But it wasn’t just about that inning. There was a disengagement violation in the top of the ninth that didn’t end up affecting the outcome of the game, but it’s worth noting here because it’s the first time I’ve written “disengagement violation,” which is apparently a baseball term now. Disengagement violation. Feels weird to type. But of course the Yankees had one of them in this game, which will live forever as a testament to the dumbest baseball imaginable.
Ohtani, with a cranky shoulder and a .105 batting average in the World Series, reached first on catcher’s interference in the top of the eighth, and it led to the World Series-winning run. It was the only way Ohtani was going to reach base. The World Series was promoted like “Godzilla vs. Kong,” except one of the monsters got hurt before he could do anything. Then Yankees catcher Austin Wells stuck his glove out a centimeter too far, and the victor of “Godzilla vs. Kong” was partially decided by a very, very tall capybara accidentally knocking over a stack of files.

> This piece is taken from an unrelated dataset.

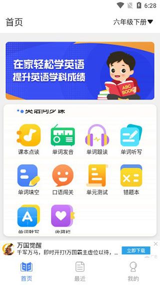 1、于本站下载并安装六年级下册英语点读app,进入首界面后,能看到一个功能模块。

Catch the ball. Make the plays. Don’t give six outs to a team with a historically impressive heart of the lineup. That’s twice as many outs as teams usually get!
No, seriously, teams should catch the ball and play defense if they want to win a World Series
Just wanted to re-up this point in case it wasn’t clear the first time. The Dodgers were rattled and thinking about the flight home and the pressure that came with a World Series slipping through their fingers. Then the Yankees did the thing from the famous NSFW tweet about not being clear about what kind of move they were trying to do. Now we’re here.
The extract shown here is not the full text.